Serum 25-hydroxyvitamin D status and cardiovascular outcomes in chronic peritoneal dialysis patients: a 3-y prospective cohort study.

Am J Clin Nutr. 2008 Jun;87(6):1631-8.

Wang AY, Lam CW, Sanderson JE, Wang M, Chan IH, Lui SF, Sea MM, Woo J.

Department of Medicine and Therapeutics, The Chinese University of Hong Kong, Prince of Wales Hospital, Shatin, New Territories, Hong Kong.

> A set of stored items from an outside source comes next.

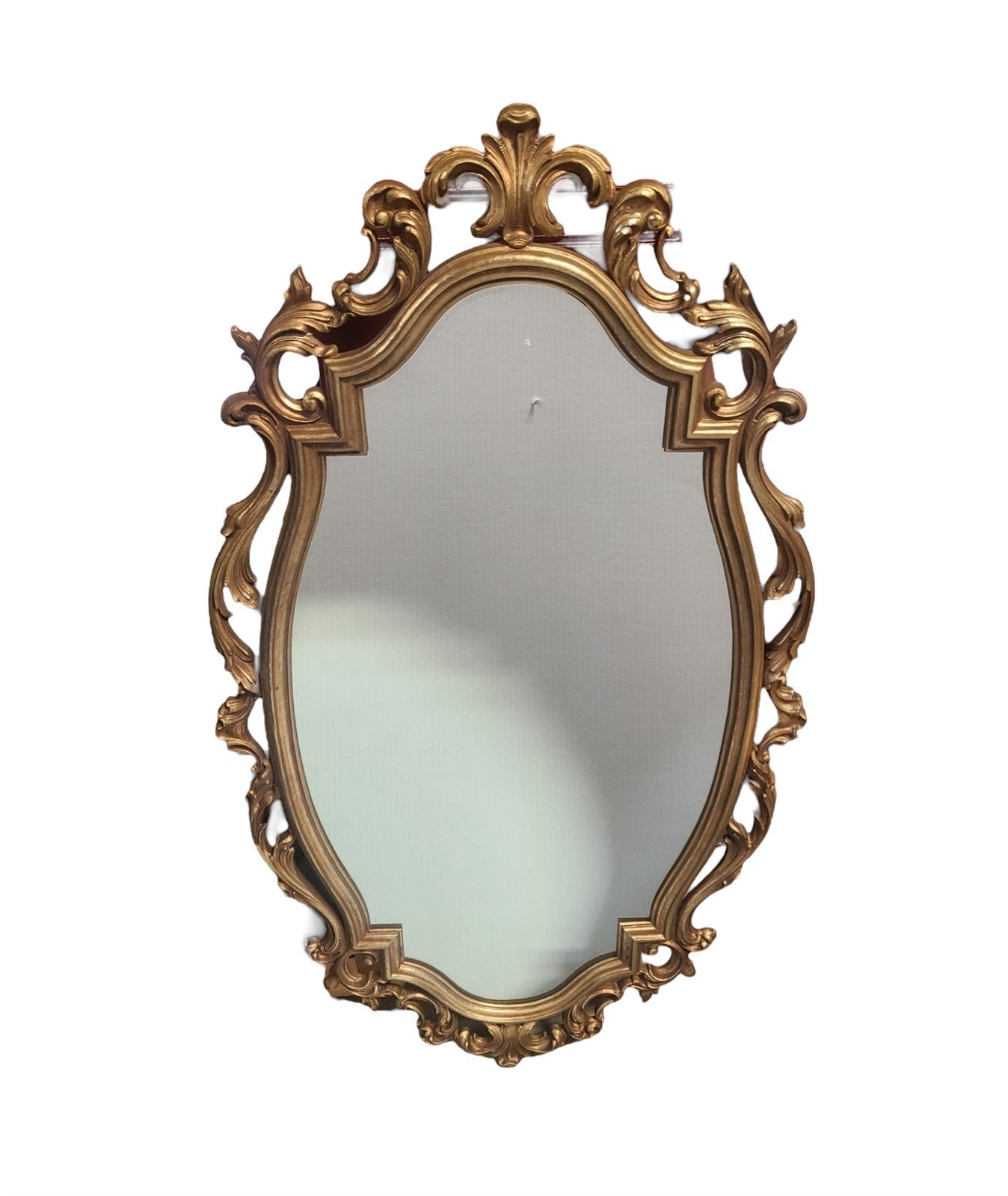 Check out this gorgeous, gold MCM mirror by Syroco! This large, oval shaped mirror would match nearly any modern or vintage decor, with the gold color and ornate frame design. This has hooks to hang it vertically or horizontally. Measures approx. 42" x 23". Origin date est. 1960s. Take a look at the pictures for the best description. A photo is as good as a thousand words and is the best description of cosmetic condition. Use your ZOOM TOOL to best see this item! Please look closely at the photos for condition answers. We describe items as best we can and as we see them. Some details may be missed but not intentionally. Condition of an item is our opinion. If you have any questions on the condition of these items let us know before you purchase! Thanks for looking!-
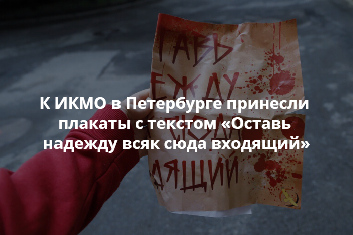 Активисты Либертарианской партии 20 июля принесли к ИКМО плакаты с надписью «Оставь надежду всяк сюда входящий» и разместили у входа. Об этом «Бумаге» сообщили участники движения.
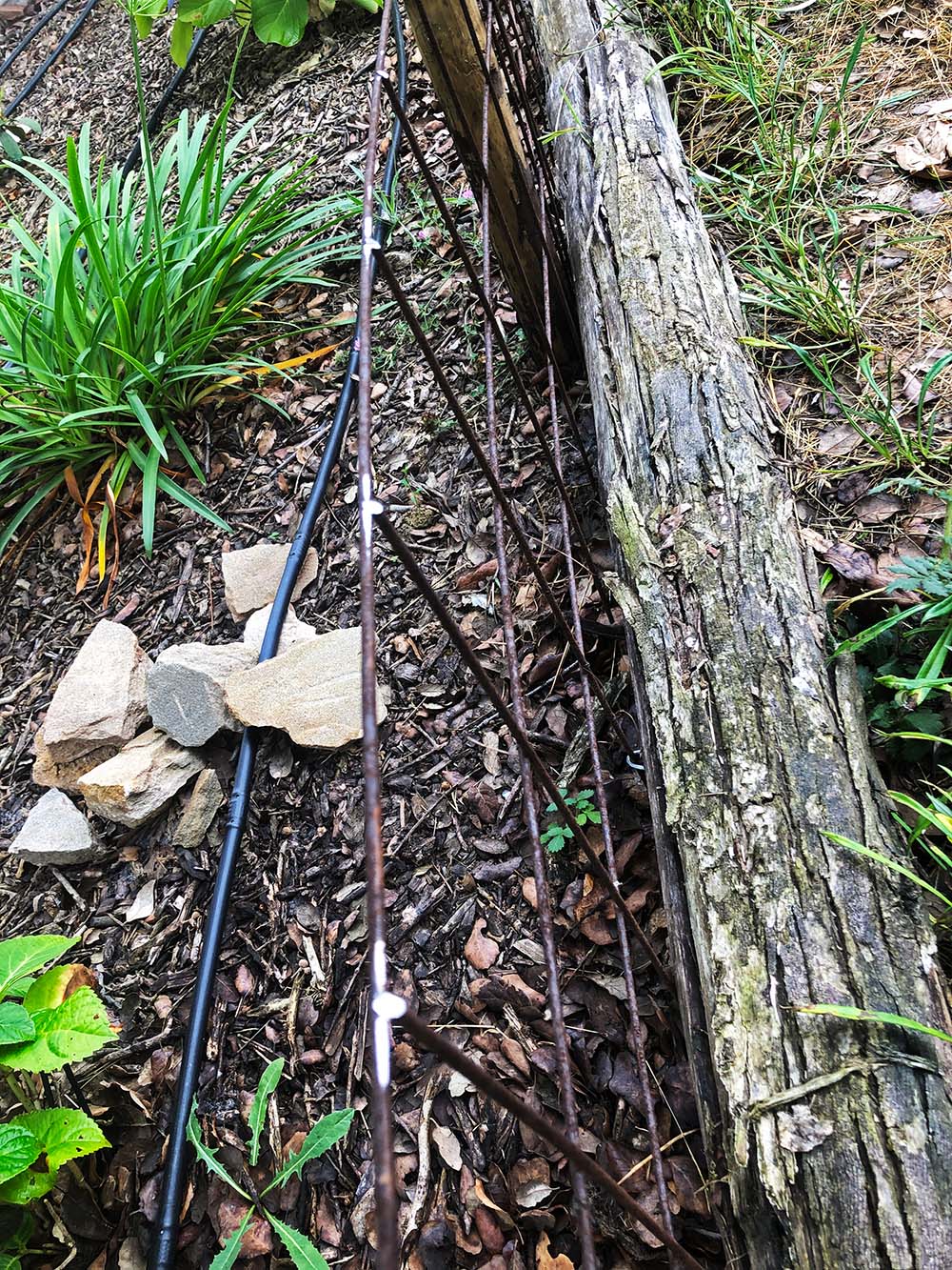 Op het terrein aan de voorkant, waar de honden overdag spelen (en slapen!) hebben we wat perkjes gemaakt. Van het betonijzer dat we over hebben van het maken van het hek hebben we een soort van klein hekje gemaakt en dat vastgemaakt aan paaltjes die in de grond geslagen zijn. Het is zo;n dertig, veertig centimeter hoog. Eigenlijk heeft het een symbolische waarde, het geeft aan dat de honden niet aan de andere kant van het hekje mogen komen. Ze kunnen er makkelijk overheen, maar dat doen ze niet. Tenminste niet als we er bij zijn.
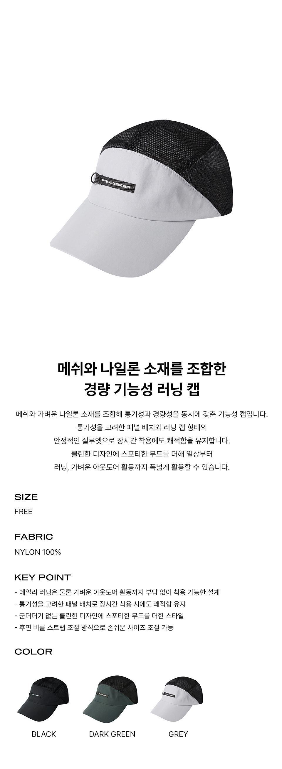 피지컬 디파트먼트 나일론 메쉬 믹스 스트링 캡 라이트 그레이
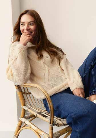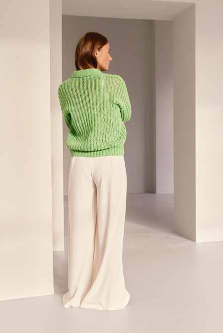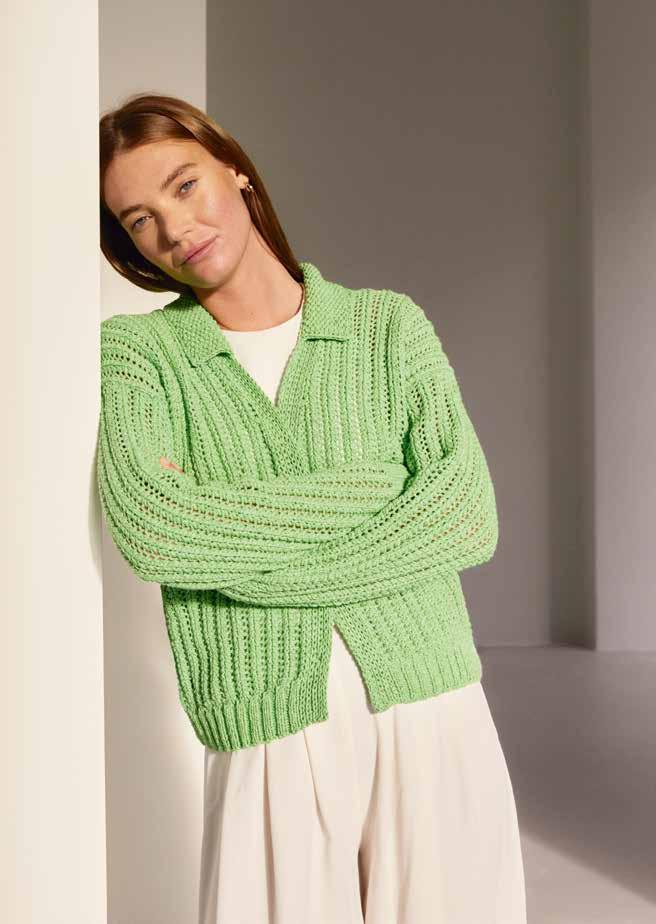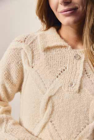 Zweifädig verstricktes Flauschgarn und ein großzügiges Ajour-Zopfmuster: Der klassische PoloSweater – hier mit femininem Twist. Die simple Silhouette macht ihn relativ unkompliziert.

BACKGROUND: Patients with kidney disease are at high risk of developing 25-hydroxyvitamin D [25(OH)D] deficiency. OBJECTIVE: We studied the association between serum 25(OH)D status and clinical outcomes of chronic peritoneal dialysis patients. DESIGN: We measured serum 25(OH)D concentrations in 230 prevalent peritoneal dialysis patients and then followed these patients prospectively for 3 y or until death. RESULTS: Serum 25(OH)D was deficient or insufficient (ie, <75 nmol/L) in 87% of the patients. Adjusting for clinical and demographic factors, every 1-unit increase in log-transformed serum 25(OH)D was associated with a 44% reduction in the hazard of fatal or nonfatal cardiovascular events (95% CI: 0.35, 0.91; P = 0.018). However, the association was gradually lost when additional adjustment was made in a stepwise fashion for residual glomerular filtration rate (P = 0.078) and echocardiographic measures (P = 0.39). Kaplan-Meier estimates showed a significantly greater fatal or nonfatal cardiovascular event-free survival probability among patients with serum 25(OH)D > 45.7 nmol/L (median) than among patients with concentrations <or= 45.7 nmol/L (P = 0.004). In addition, patients with 25(OH)D > 45.7 nmol/L had a significantly higher cardiovascular event-free survival probability than did patients with 25(OH)D <or= 45.7 nmol/L in the stratified analysis for patients with left ventricular mass index less than the median (P = 0.013) or normal systolic function (P = 0.005). CONCLUSIONS: A lower serum 25(OH)D concentration was associated with an increased risk of cardiovascular events in chronic peritoneal dialysis patients. Furthermore, serum 25(OH)D status appeared to show a differential influence on the cardiovascular outcomes of peritoneal dialysis patients depending on the degree of left ventricular hypertrophy and systolic dysfunction. 


Circulating 25-hydroxyvitamin D levels predict survival in early-stage non-small-cell lung cancer patients.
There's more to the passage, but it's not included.